Well I think I got the photos working. 
I did see Dana's page, the advantage to this is you have likely have a speed square hanging around the shop. a student likely has a protractor in his or her locker. Its a quick low cost solution.


----------



## NevilleLighting (Jun 11, 2011)

Wow, what a great idea. I have a show loading in next week that will probably have at least 120 units over platforms that I can't get a lift to. Considering focus tracks but I really hate them for safety reasons.


----------



## Footer (Jun 11, 2011)

NevilleLighting said:


> Wow, what a great idea. I have a show loading in next week that will probably have at least 120 units over platforms that I can't get a lift to. Considering focus tracks but I really hate them for safety reasons.


 
I want a picture of Max's face when you tell him what you are planning to do for focus...


----------



## MrsFooter (Jun 11, 2011)

So what do you do for shutter cuts? Personally that's the part I find the most challenging when bounce focusing.

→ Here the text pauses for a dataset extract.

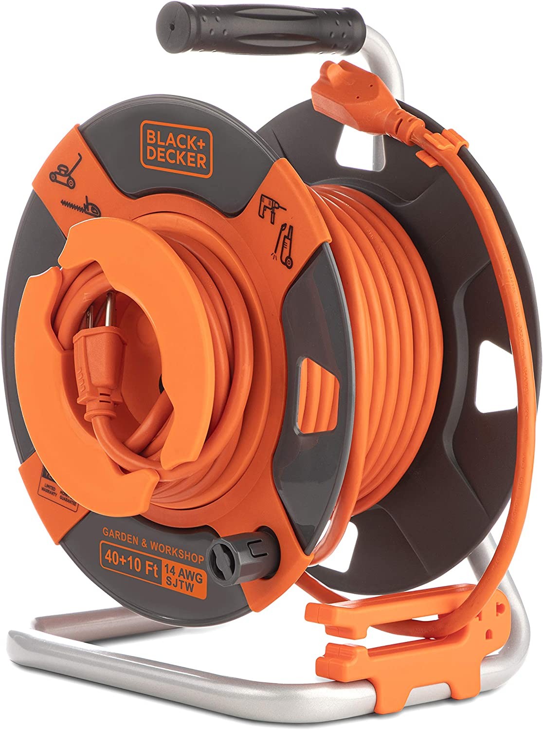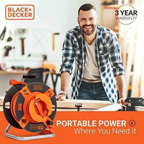 Black + Decker 50 Ft. Reverse Retractable Extension Cord Reel 14AWG SJTW Power Cable, For Electric Tools - Outdoor Power Cord Reel W/Heavy-Duty Rewind Handle - Premium Cord Retractor for Garden
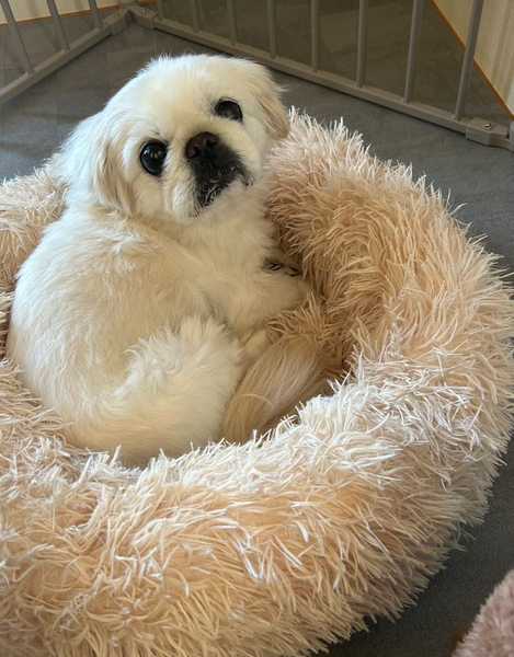 | 特徴(性格など) | 【仮名】らむね 【性別】女の子 【年齢】推定年齢7〜8歳 【毛色】白 【体重】5.8kg (保護時) 5.8kg (2025年3月) 【募集に至るまでの経緯】 個人より 2025/1月保護 ◎性格・癖・注意事項など◎ 【人に対して】 性格は控えめでおとなしい。動きは活発。 人が大好き。子供から大人までフレンドリー。抱っこすると少し緊張します。 【犬に対して】 目が見えづらいので匂いが気になれば、大型犬にも小型犬にも寄っていきます。自分に近づいてくるのはOK。 【他の動物に対して】 不明。 【留守番】 ケージ内で問題なし。 【トイレ】 排泄回数が少なめ。あちこちでマーキングはしない。外排泄も可能。 【散歩】 まだゆっくりだが、歩ける。ドッグランでフリーにすると走ります! 【お手入れ】 お風呂、ドライヤー怖がるけど、やらせてくれます。 耳掃除、爪切り少し嫌がるが、OK。爪は神経が長く、巻きやすいので定期的に切る事が望ましい。 目薬、体拭き、ブラッシングやらせてくれます。 【車酔い】 なし。 【好きな事】 撫でられる事。ごはん。おやつ。 外が好き!人が好きで近寄って甘えます。 寝ること。怖い時はお気に入りのベッドに納まって様子見しています。 【嫌いな事】 ドライヤーの風、音。掃除機。 【その他の注意点】 ○皮膚はベタつきやすいが、お手入れで改善可能。 ○めやに、膿が保護当時からずっと出ていた。抗生剤の目薬を1週間したが、劇的な改善はない。しかし、めやには減った。眼球に傷もあり、左眼は見えていない様子。視力はぼんやりと感じる程度で急に触るとびっくりする。目も重度ドライアイ。ヒアルロン酸目薬をしながら様子見。 ○ 心雑音あり→エコー済み 僧帽弁閉鎖不全症 ・逆流軽度 A ・心臓肥大低度 ギリギリ数値内 2/6の検査段階で、発症初期と診断 ◎健康チェック結果◎ 【ワクチン】 :2025年3月20日頃予定 混合ワクチン6種 【不妊・去勢手術】:2025年3月6日 鼠径ヘルニア、歯石除去、歯茎縫合手術済 【血液検査】 :2025年2月6日 済 【フィラリア】 :2025年2月6日 済 陰性 【検 便】 :2025年2月6日 済 陰性 ☆らむねはペキニーズレスキューに所属しております。 里親募集時はペキニーズレスキュー代表と連携しながら進めていききますのでご承知おきください。 |

Placement I can usually get on the first try, but it's the shutter cuts I end up futzing with.


----------



## derekleffew (Jun 11, 2011)

MrsFooter said:


> So what do you do for shutter cuts? ...


VL1000, VL3500 Spot, MAC 2000 Performance.


----------



## venuetech (Jun 11, 2011)

MrsFooter said:


> So what do you do for shutter cuts?



Add Bounce.


I really have only used this once or twice as it just occurred to me when I was fiddling with a speed square on stage one day. 

for all i know there could be a inclinometer app for your iPhone, so you could do the same thing with your phone. 
my phone just talks to me.

David; I would think that focus tracks would be the way to go with that many units. It is the only proven way you can be assured of quickly getting the desired results.


----------



## chausman (Jun 11, 2011)

venuetech said:


> For all i know there could be a inclinometer app for your iPhone, so you could do the same thing with your phone. my phone just talks to me.


 
Yes, there is an app for that! Free Level

Or there are more in the app store that you can pay for that do more things. 


Sent from my iPad using Tapatalk


----------



## RyanC2186 (Dec 6, 2015)

Hey everyone! I recently became a part time TD for a local high school and I was wondering if any of you have tips for bounce focusing. I have a winch electric for my FOH position. No ladders will reach. Using a genie is out because the pipe is over the seating. The equipment is also incredibly old. StageBrite system installed in 1970 with no upkeep or maintenance. This winch takes 2-3 minutes to lower and 5-10 minutes and several students to raise. I can't think of anything but bringing it in and out over and over again until we get it right. Are there any tricks or ways to come close on the first shot? Any help would be appreciated! Thanks


----------



## derekleffew (Dec 6, 2015)

In the wiki entry for bounce focus is a link to an article about one clever method, specifically for TILT. [The link is broken; I've notified the powers that be; here's hoping they fix it.] Basically it involves using a homemade sextant or inclinometer 
(
or
, 
or a spirit level app for the iPhone) from the focus point on stage to the fixture at trim, to find the elevation, angle of, then using a protractor/inclinometer with the batten at low trim to manually set the correct angle of depression (same angle). Setting the PAN, or left/right, is that same no matter how high the luminaire. Shutter cuts will always be trial and error, wing and prayer tricky.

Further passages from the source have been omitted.